Data teams working in ML settings need ways to work on isolated “copies” of the data to preprocess it prior to training. This ensures data integrity, allows for safe experimentation, and supports parallel workflows among team members. Additionally, versioning the data is crucial for reproducing the exact dataset used for training specific models. This practice enhances reproducibility, maintains accountability, ensures regulatory compliance, and facilitates model monitoring and maintenance over time.

lakeFS is a data version control solution that matches the machine use case perfectly.
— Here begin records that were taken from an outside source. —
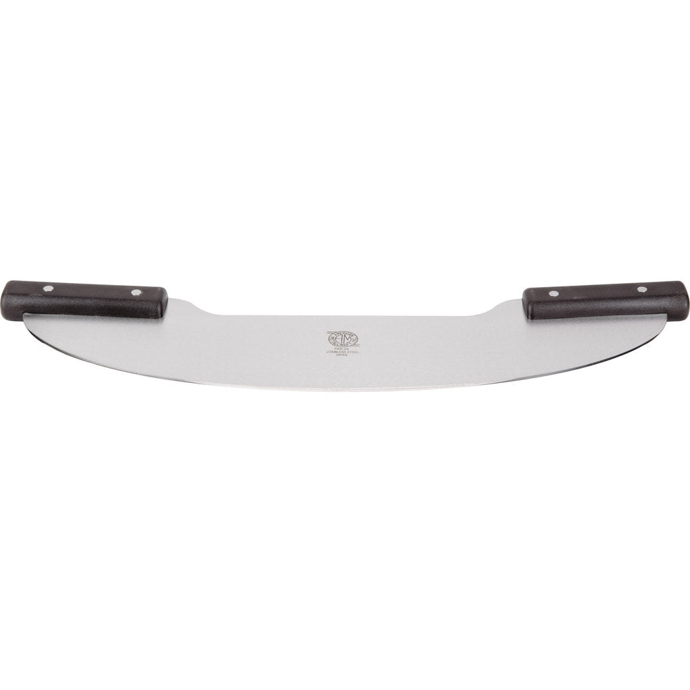 Use this American Metalcraft 20" pizza knife to slice up your pizza pie, or to cut and dice vegetables and fruit. The rocking feature allows you to maintain a steady, rhythmic momentum. The palm handles offer safety and security by keeping your fingers out of the way while working with the knife. With a precision sharp, straight-edge blade, this tool will be perfect for whatever task for which you may need it.
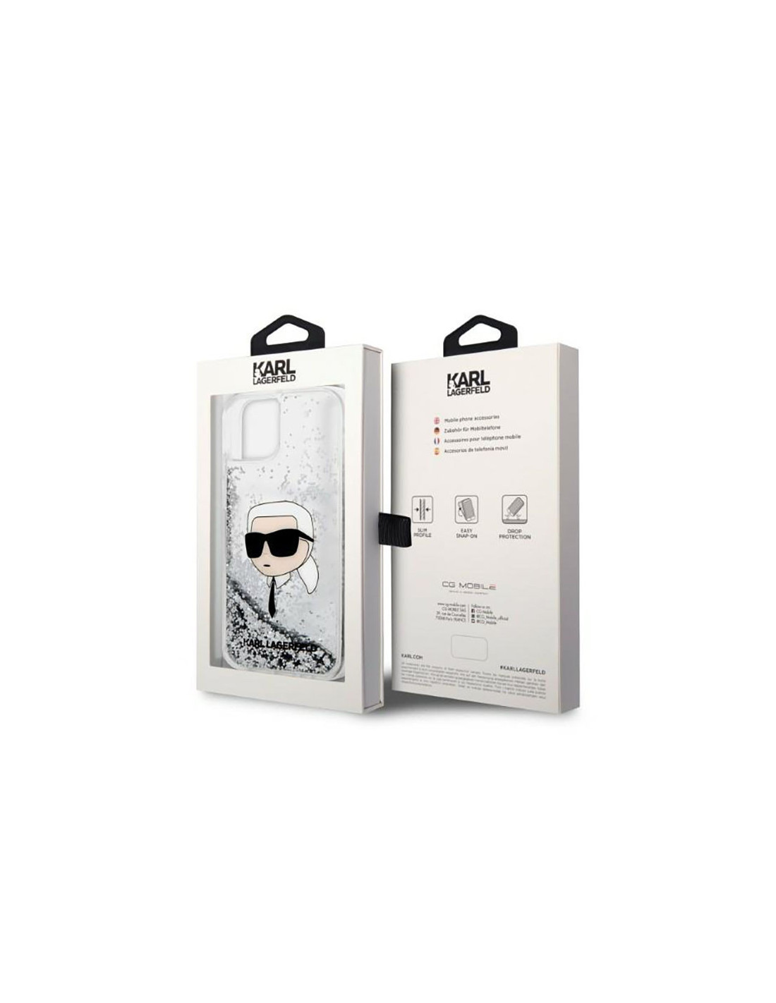 Aby nadać niesamowitego efektu, konstrukcja została ozdobiona postacią Karla Lagerfelda, podkreśloną przez płynne, mieniące się w świetle drobinki brokatu, które zmieniają swoje ułożenie pod wpływem zmiany kąta nachylenia etui, tworząc efekt wodospadu.
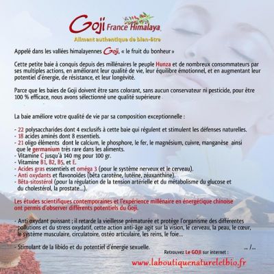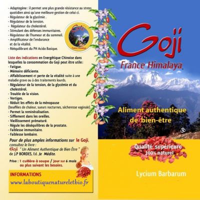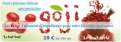 - baies de goji du tibet en sachet de 500 grs Nous vous proposons un goji des hauts plateaux du Tibet, 3200 mètres d'altitude, récoltés sur des pieds d'origine sauvage, quelques photos ici, exempts de tout traitement chimique (confirmation après analyses effectuées auprès du laboratoire Phytocontrole, certifié COFRAC, Nîmes, certificat disponible sur demande). site: http://www.laboutoutiquenatureletbio.fr

Here’s how you can use it to version your data for ML experimentation:

  • ML Data Reproducibility – lakeFS allows you to version the data  components of an ML experiment without duplicating the data for multiple experiments. 
  • Data Preparation in Isolation – Branches enable each data scientists to prepare the data in isolation.
  • Parallel ML Experimentation – Run multiple experiments simultaneously, using different dataset versions.
  • Advanced Unstructured Data Filtering – Simplify model development by filtering objects using custom tags
  • Fast Data Loading for Deep Learning Workloads – Localize data to reduce latency and cut costs by optimizing GPU utilization

lakeFS and MLFlow in practice

Imagine that you can take an S3 bucket and make changes in separate branches, commit them once tested or roll back to the previous working version of your model. 

The ecosystem of tools we have in our environment will access the data through the lakeFS API and get those versioning capabilities.

And from a refactoring perspective, we can include the name of a branch or a commit identifier to track down the state of our data at a specific point in time: a specific experiment, raw data, modified data, and sample data that was used to train a specific model along with the model itself.

We can run these Git actions via a notebook, command line interface or the solution UI. 

To learn more about how lakeFS works with MLflow, watch this on-demand tutorial: Version control of local datasets for MLflow experiments.

Conclusion

Managed MLflow on Databricks allows you to manage the whole machine learning lifecycle with the dependability, security, and scalability required for corporate applications. It offers an integrated platform for tracking and securing machine learning model training and ML projects in production.

Managed MLflow can be hosted by Databricks or completely managed on your own infrastructure. In addition to open-source MLflow capabilities, it includes enterprise-grade security, experiment management, high availability, and Databricks features such as notebook revision recording.